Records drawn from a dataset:
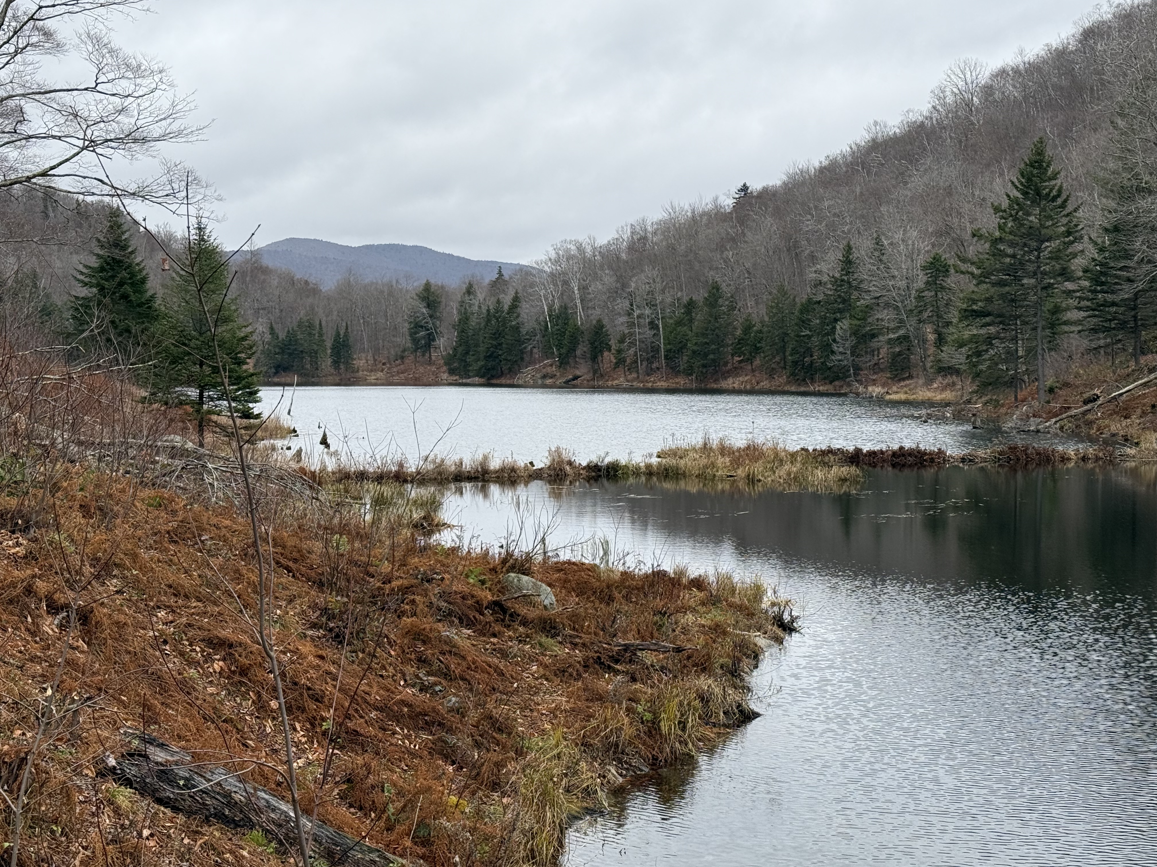 Abruptly, a rocky ledge emerges, presenting a beautiful vista of the placid, undeveloped Ritterbush Lake. From this high perch, trail builders cut the trail straight down the steep hill towards the lake without switchbacks, as is typical of Vermont paths. The trail descends a long stretch of precipitous stone steps remarkably placed many years ago. At the bottom, the trail winds 100 feet above the lake to the southwest, crossing several small streams.
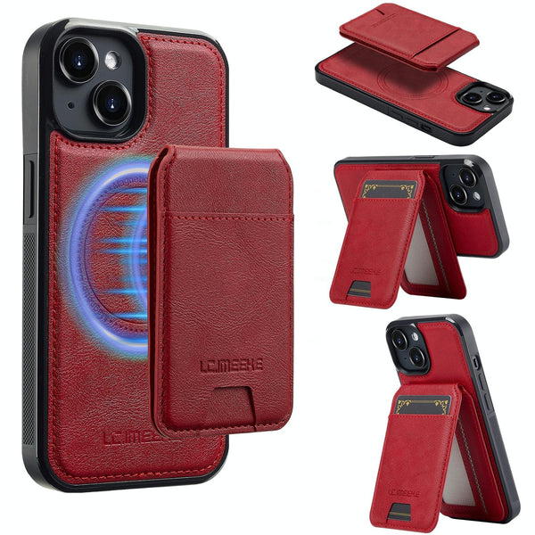 For iPhone 15 Plus / 14 Plus LC.IMEEKE L3 Series Detachable RFID Card Bag Magsafe Phone Case(Red)
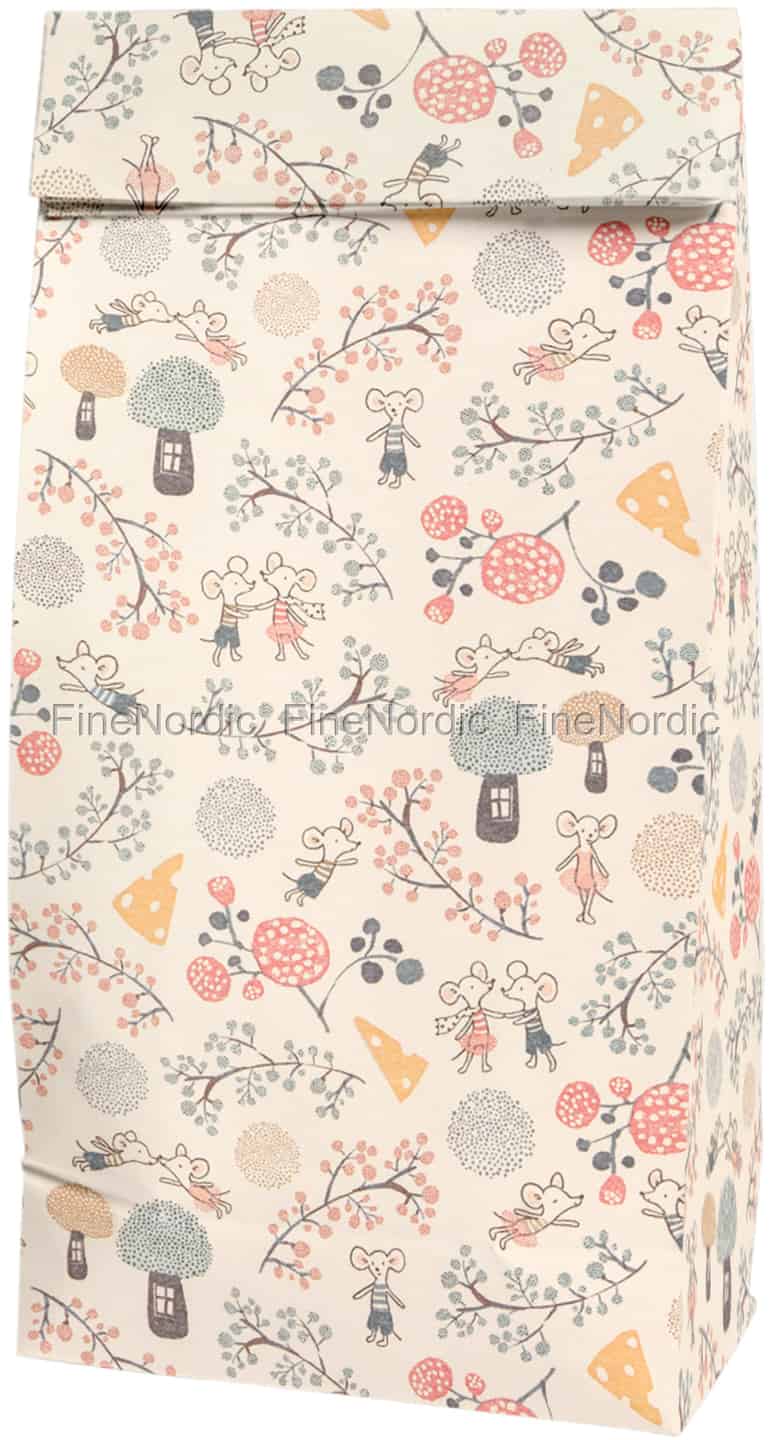 Diese entzückende kleine Maileg Geschenktüte mit Mausparty ist eine schöne und einfache Art und Weise ein Geschenk in aller Eile hübsch einzupacken. Öffnen Sie einfach die Tüte, legen Sie das Geschenk hinein und falten Sie die Tüte am oberen Ende um und voilà, die Tüte und ihr Inhalt sind bereit, den Besitzer zu wechseln! Die Geschenktüte ist mit einer ganzen Reihe charmanter kleiner Mäuse geschmückt, die zusammen tanzen und spielen. Auf der Tüte sind auch kleine pilzförmige Häuser, Käseecken und blühende Zweige zu sehen. Die Geschenktüte ist 24,5 cm groß und ist die perfekte Geschenktüte für ein kleines, seltsam geformtes Geschenk, oder aber vielleicht auch für eine kleine Maileg Maus?
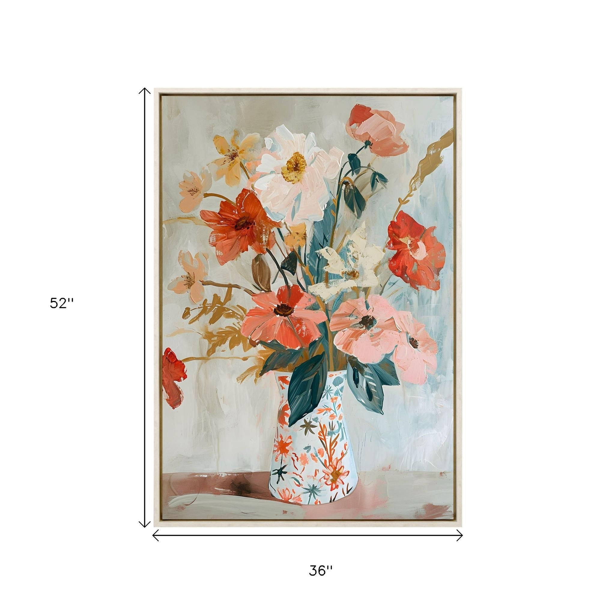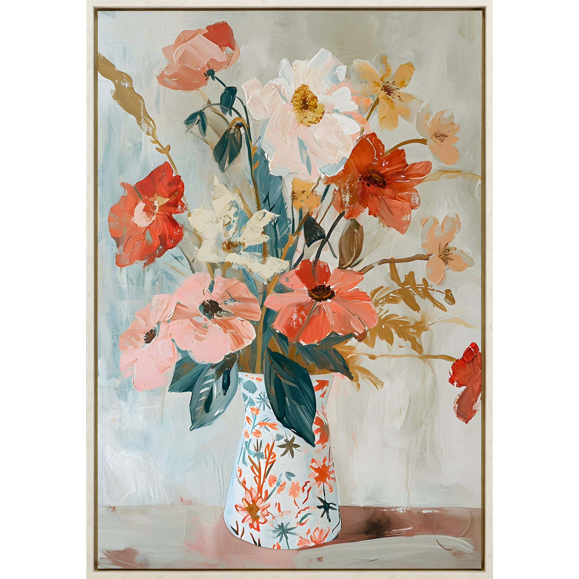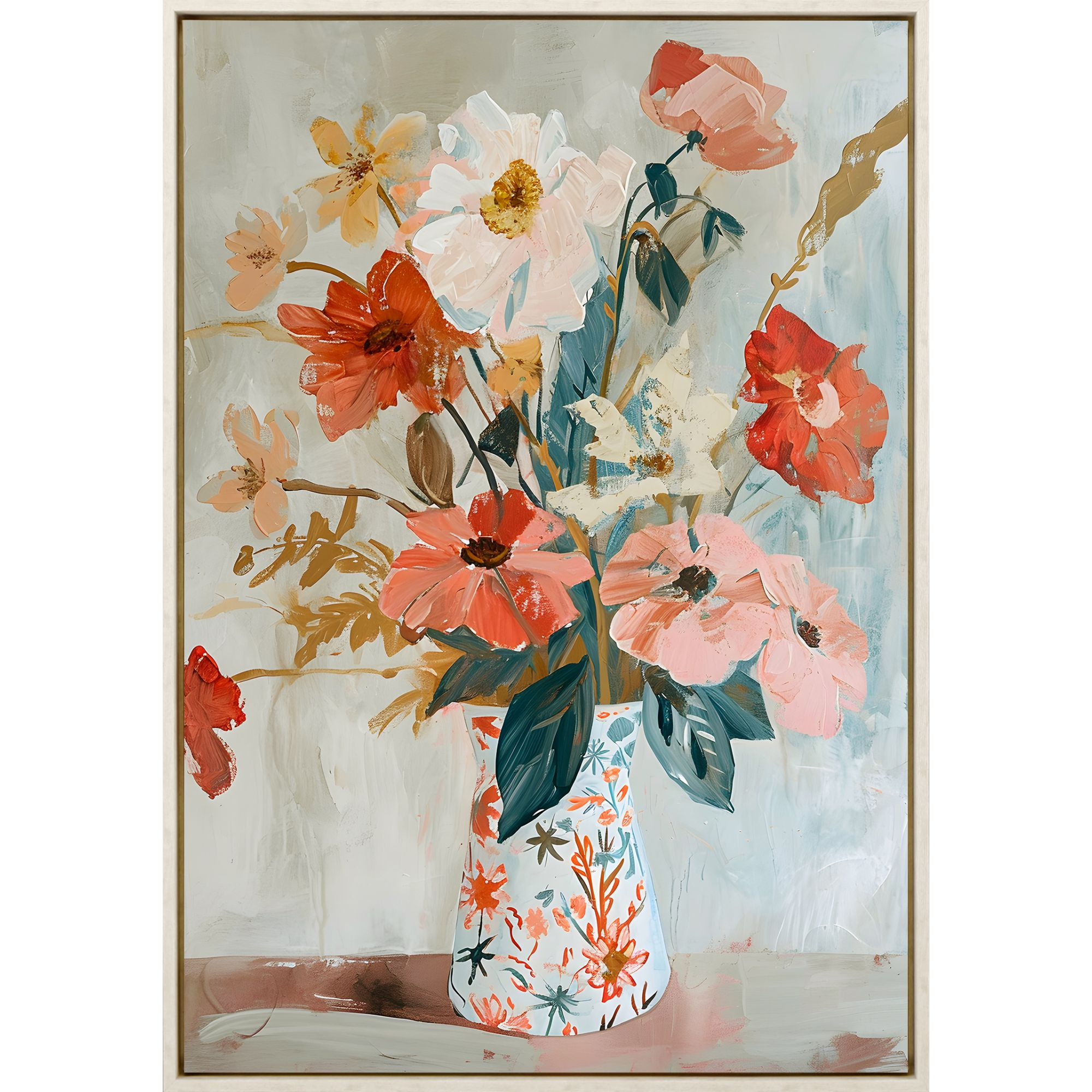 Add an air of fashion to your room and rejuvenate the space with this spring soiree 1 distressed white floater frame wall art. Reproduced for you on canvas, this hanging decorative accent will be a trendy and fashionable way to dress your walls. Adding this hanging wall art to your space to make your room feel more finished and attractive. Instantly liven up your space with this art that brings color and dimension to your walls. 52.00-inch h x 36.00-inch w x 3.00-inch d.
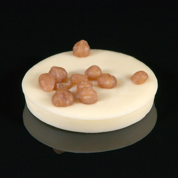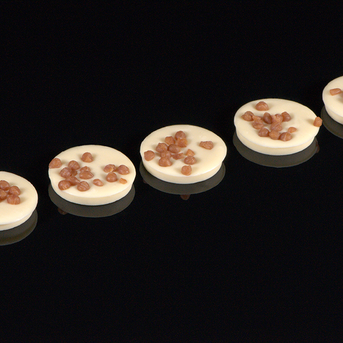 Biała czekolada z chrupiącą posypką słonego karmelu.

§ PROMPT: Exactly as written, set down each line of the records, leaving out the pictures.

§ PROBLEM SOLUTION:
 Abruptly, a rocky ledge emerges, presenting a beautiful vista of the placid, undeveloped Ritterbush Lake. From this high perch, trail builders cut the trail straight down the steep hill towards the lake without switchbacks, as is typical of Vermont paths. The trail descends a long stretch of precipitous stone steps remarkably placed many years ago. At the bottom, the trail winds 100 feet above the lake to the southwest, crossing several small streams.
 For iPhone 15 Plus / 14 Plus LC.IMEEKE L3 Series Detachable RFID Card Bag Magsafe Phone Case(Red)
 Diese entzückende kleine Maileg Geschenktüte mit Mausparty ist eine schöne und einfache Art und Weise ein Geschenk in aller Eile hübsch einzupacken. Öffnen Sie einfach die Tüte, legen Sie das Geschenk hinein und falten Sie die Tüte am oberen Ende um und voilà, die Tüte und ihr Inhalt sind bereit, den Besitzer zu wechseln! Die Geschenktüte ist mit einer ganzen Reihe charmanter kleiner Mäuse geschmückt, die zusammen tanzen und spielen. Auf der Tüte sind auch kleine pilzförmige Häuser, Käseecken und blühende Zweige zu sehen. Die Geschenktüte ist 24,5 cm groß und ist die perfekte Geschenktüte für ein kleines, seltsam geformtes Geschenk, oder aber vielleicht auch für eine kleine Maileg Maus?
 Add an air of fashion to your room and rejuvenate the space with this spring soiree 1 distressed white floater frame wall art. Reproduced for you on canvas, this hanging decorative accent will be a trendy and fashionable way to dress your walls. Adding this hanging wall art to your space to make your room feel more finished and attractive. Instantly liven up your space with this art that brings color and dimension to your walls. 52.00-inch h x 36.00-inch w x 3.00-inch d.
 Biała czekolada z chrupiącą posypką słonego karmelu.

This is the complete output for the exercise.